Pursuant to Article 1(5)(a) of the New Prospectus Regulation, there is an exemption from the obligation to publish a prospectus prior to the admission to trading on an EU-regulated market of securities fungible with securities already admitted to trading on the same regulated market, provided that they represent, over a period of 12 months, less than 20% (increased from 10%) of the number of securities already admitted to trading on the same regulated market. Previously, there was an exemption for the admission to trading of shares resulting from the conversion or exchange of other securities or from the exercise of rights conferred by other securities, provided that the said shares are of the same class as the shares already admitted to trading on the same regulated market. Article 1(5)(b) of the New Prospectus Regulation imposes a restriction (subject to the second sub-paragraph of Article 1(5)) on this exemption such that the resulting shares must represent over a period of 12 months, less than 20% of the number of securities already admitted to trading on the same regulated market. Finally, pursuant to Article 1(5)(c), there is a new exemption from the obligation to publish a prospectus prior to the admission to trading on an EU-regulated market of securities resulting from the conversion or exchange of other securities, own funds or eligible liabilities by a resolution authority pursuant to specific powers under Directive 2014/59/EU on bank recovery and resolution.

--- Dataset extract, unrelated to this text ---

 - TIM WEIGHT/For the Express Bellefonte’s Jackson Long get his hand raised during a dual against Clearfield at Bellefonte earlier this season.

As a consequence, ESMA has amended the Q&A as set out below.
Question 27 has been deleted because Article 1(5) of the New Prospectus Regulation sufficiently clarifies the restriction on the exemption for convertible and exchangeable securities.

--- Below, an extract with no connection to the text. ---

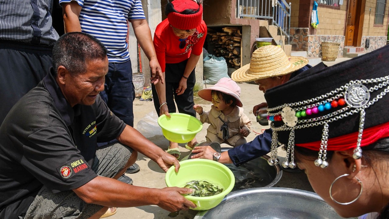 三猛乡灯马村村民 李黑规:今天我们把鱼苗放到梯田里面,两三个月后又可以卖了。一年下来,我们卖稻花鱼也有一笔很好的收入。

Answer 29 has just been amended to update the cross-reference to Article 1(5)(b) of the New Prospectus Regulation.
Answers 31 and 32 have been amended to update the cross-reference to Article 1(5)(a) of the New Prospectus Regulation and to reflect that the threshold for admission under this exemption has changed from 10% to 20%. The working examples in Answer 31 have been updated accordingly.

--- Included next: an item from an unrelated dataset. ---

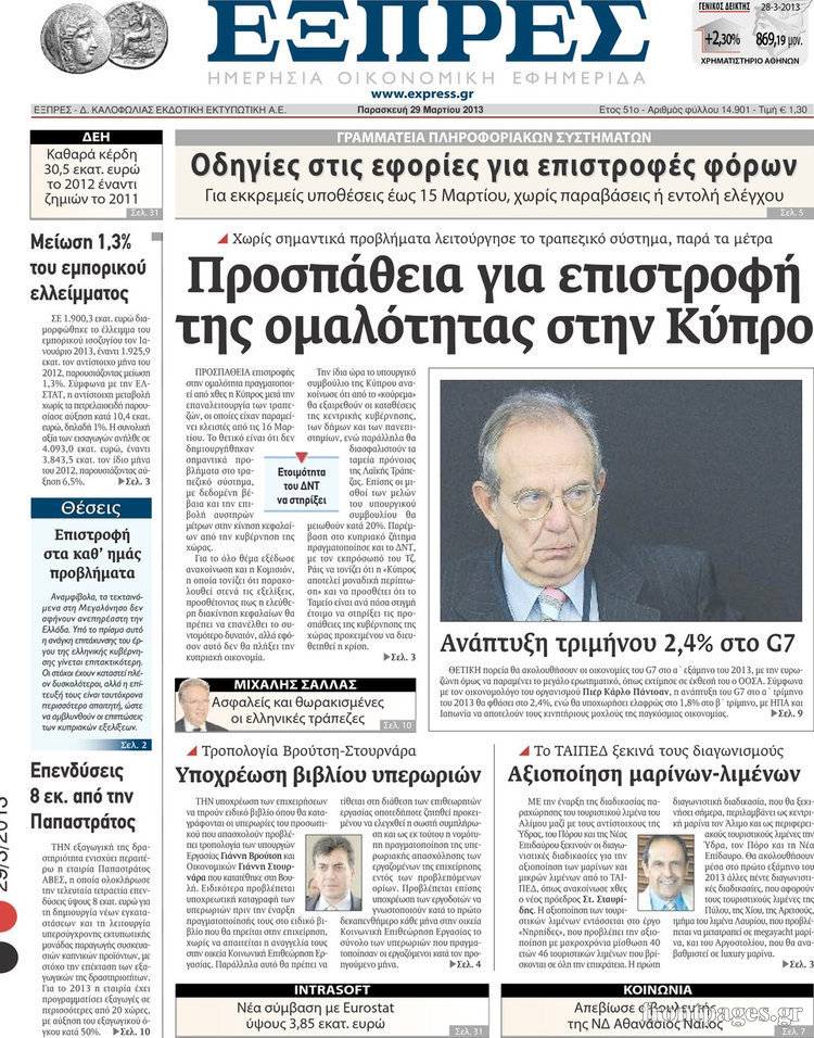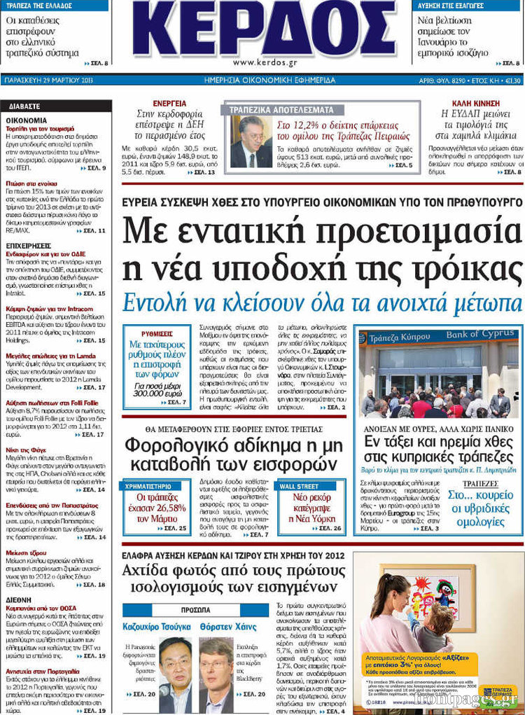 Οι οικονομικές εφημερίδες Enikos Newsroom 08:30, Παρασκευή 29 Μαρτίου 2013 Media Οι οικονομικές εφημερίδες Τα πρωτοσέλιδα των οικονομικών εφημερίδων. ΕΦΗΜΕΡΙΔΕΣ ΟΙΚΟΝΟΜΙΚΕΣ ΕΦΗΜΕΡΙΔΕΣ ΠΡΩΤΟΣΕΛΙΔΑ Μοιράσου το: σχολίασε κι εσύ (0 σχόλια) Ακολουθήστε το enikos.gr στο Google News και μάθετε πρώτοι όλες τις ειδήσεις Δείτε όλες τις τελευταίες ειδήσεις από την Ελλάδα και τον Κόσμο στο enikos.gr Ειδήσεις Ροή Ειδήσεων 51 λεπτά πριν Σίδνεϊ: Τα ονόματα των θυμάτων από την τρομοκρατική επίθεση – Η 10χρονη Ματίλντα και ο επιζών του Ολοκαυτώματος που έσωσε τη γυναίκα του 2 ώρες πριν Η διαδρομή του σκάφους με την τεράστια ποσότητα κοκαΐνης που κατασχέθηκε στο λιμάνι του Πειραιά – Συνελήφθη και γνωστός «βαρώνος» 2 ώρες πριν Κυβέρνηση: Οι κόκκινες γραμμές στη διαπραγμάτευση με τους αγρότες – Τι ζητούν οι εκπρόσωποι των μπλόκων 4 ώρες πριν Σοκ στο Χόλιγουντ: Νεκροί από μαχαιριές ο σκηνοθέτης Ρομπ Ράινερ και η σύζυγός του – Αναφορές ότι τους σκότωσε ο γιος τους 2 ώρες πριν Δείτε LIVE το συνέδριο «Ελληνικός Τουρισμός, Μια Εθνική Υπόθεση!» 11 λεπτά πριν Μακροζωία: 55χρονος που ισχυρίζεται ότι βιολογικά είναι 20 ετών μοιράζεται μια απλή συμβουλή για υγιή εγκέφαλο 2 ώρες πριν Τα 3 ζώδια που μπαίνουν σε μια νέα δυναμική εποχή – «Είστε έτοιμοι για όλα» 1 ώρα πριν Οι 8 φράσεις που δίνουν αμέσως την εντύπωση πως είστε δύσκολος άνθρωπος 3 ώρες πριν Κληρονόμησε 2,8 εκατ. ευρώ και φοβάται ότι οι άνδρες θα την πλησιάζουν για τα λεφτά – «Μήπως καλύτερα να το κρατήσω μυστικό;» 6 λεπτά πριν Απεργία 16ης Δεκεμβρίου: Ποιοι συμμετέχουν – Τι ισχύει για τα Μέσα Μαζικής Μεταφοράς 11 λεπτά πριν Μακροζωία: 55χρονος που ισχυρίζεται ότι βιολογικά είναι 20 ετών μοιράζεται μια απλή συμβουλή για υγιή εγκέφαλο 14 λεπτά πριν Γιατί καθυστερεί η πρεμιέρα του «Survivor» – Το παρασκήνιο 15 λεπτά πριν Συνέδριο «Ελληνικός Τουρισμός 2025, Μια εθνική υπόθεση!» – Χάρης Δούκας: «Η Αθήνα δεν είναι πια εποχικός προορισμός» – Στοίχημα η βιώσιμη διαχείριση του τουρισμού 19 λεπτά πριν Ισπανία: Επιβολή προστίμου 64 εκατομμυρίων ευρώ στην πλατφόρμα Airbnb ENIKOS NETWORK Νέα φάρμακα για την παχυσαρκία: Υπάρχει κίνδυνος καρκίνου; Αρτηριακή πλάκα: Ειδικός στη μακροζωία εξηγεί πώς μπορεί να αντιστραφεί μέσα σε 12 μήνες Συντάξεις Ιανουαρίου 2026: Ποια ταμεία πληρώνουν πρώτα Νέες θέσεις εργασίας σε δήμο: Αρχίζει σήμερα η υποβολή αιτήσεων-Ποιες ειδικότητες αφορά Σύγχρονος Νοστράδαμος: Προειδοποιεί για «μεγάλο γεγονός» τους επόμενους μήνες που θα συγκλονίσει τη Βρετανία και τον κόσμο Τεστ παρατηρητικότητας: Μπορείτε να βρείτε τις 3 διαφορές στις εικόνες με έναν πιγκουίνο σε 14 δευτερόλεπτα περισσότερα 11:59 , Δευτέρα 15 Δεκεμβρίου 2025 Γιατί καθυστερεί η πρεμιέρα του «Survivor» – Το παρασκήνιο Μετατίθεται για αργότερα η πρεμιέρα του «Survivor» στην prime time του ΣΚΑΪ, κλείνοντας τη χρο... 11:58 , Δευτέρα 15 Δεκεμβρίου 2025 Συνέδριο «Ελληνικός Τουρισμός 2025, Μια εθνική υπόθεση!» – Χάρης Δούκας: «Η Αθήνα δεν είναι πια εποχικός προορισμός» – Στοίχημα η βιώσιμη διαχείριση του τουρισμού Στις προκλήσεις που δημιουργεί η ραγδαία αύξηση του τουρισμού σε τοπικό επίπεδο, αναφέρθηκε στ... 11:44 , Δευτέρα 15 Δεκεμβρίου 2025 Συνέδριο «Ελληνικός Τουρισμός 2025, Μια εθνική υπόθεση!» – Νίκος Χαρδαλιάς: Η πολυκεντρική ταυτότητα της Αττικής είναι το απόλυτο στρατηγικό μας πλεονέκτημα «Ο τουρισμός είναι ένας κρίσιμος παράγοντας για την οικονομική ανάπτυξη της χώρας και τη δημιο... 11:43 , Δευτέρα 15 Δεκεμβρίου 2025 Μ

Finally, answer 44 has been updated to confirm that for securities issued on or after July 20th 2017, ESMA maintains its view that exemptions in relation to offers and exemptions in relation to admission to trading under the New Prospectus Regulation are stand-alone, i.e. an exempt offer will still require a prospectus for an admission to trading unless one of the exemptions set out in points (a) to (c) of the first subparagraph of Article 1(5) applies.